That framing distinguishes a coding mistake from an architectural consequence: the flaw is built into how MCP was specified, and patching the 14 named CVEs does not change it. Any new MCP server built on the current SDK inherits the same structural risk.

This guide is the complete reference for understanding what happened, what it means for your organisation’s AI infrastructure, and what to do about it. The seven articles below cover every dimension of the problem, from the technical root cause to the governance gap to the remediation playbook.

In this guide:

What Is the Model Context Protocol and Why Does It Matter for Security?

The Model Context Protocol is an open standard, launched by Anthropic in November 2024 and donated to the Linux Foundation in December 2025, that defines how AI agents communicate with external tools, databases, and services. Its default local transport mechanism — STDIO (standard input/output) — spawns MCP servers as operating system subprocesses, executing any command it receives without a validation checkpoint. That design decision is the root cause of every CVE in the 2026 disclosure.

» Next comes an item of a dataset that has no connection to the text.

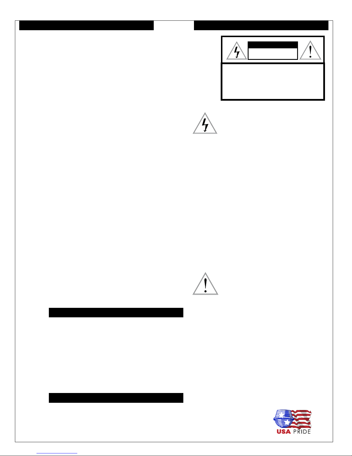 CAUTION: TO REDUCE THE RISK OF ELECTRIC SHOCK,

MCP’s adoption moved from an Anthropic-only project in late 2024 to cross-industry adoption within 18 months. OpenAI adopted it in March 2025, Google DeepMind followed in April 2025, and it was embedded into Claude Code, Cursor, VS Code Copilot, Windsurf, and dozens of AI frameworks — accumulating more than 150 million SDK downloads along the way.

That adoption speed is what makes the security problem significant. When a single protocol layer is shared by every downstream AI agent, framework, and developer tool, a flaw at the protocol level propagates without code changes to every dependent system. You are not patching one product; you are managing the residual exposure of a protocol embedded in most of the AI toolchain your engineers are already using.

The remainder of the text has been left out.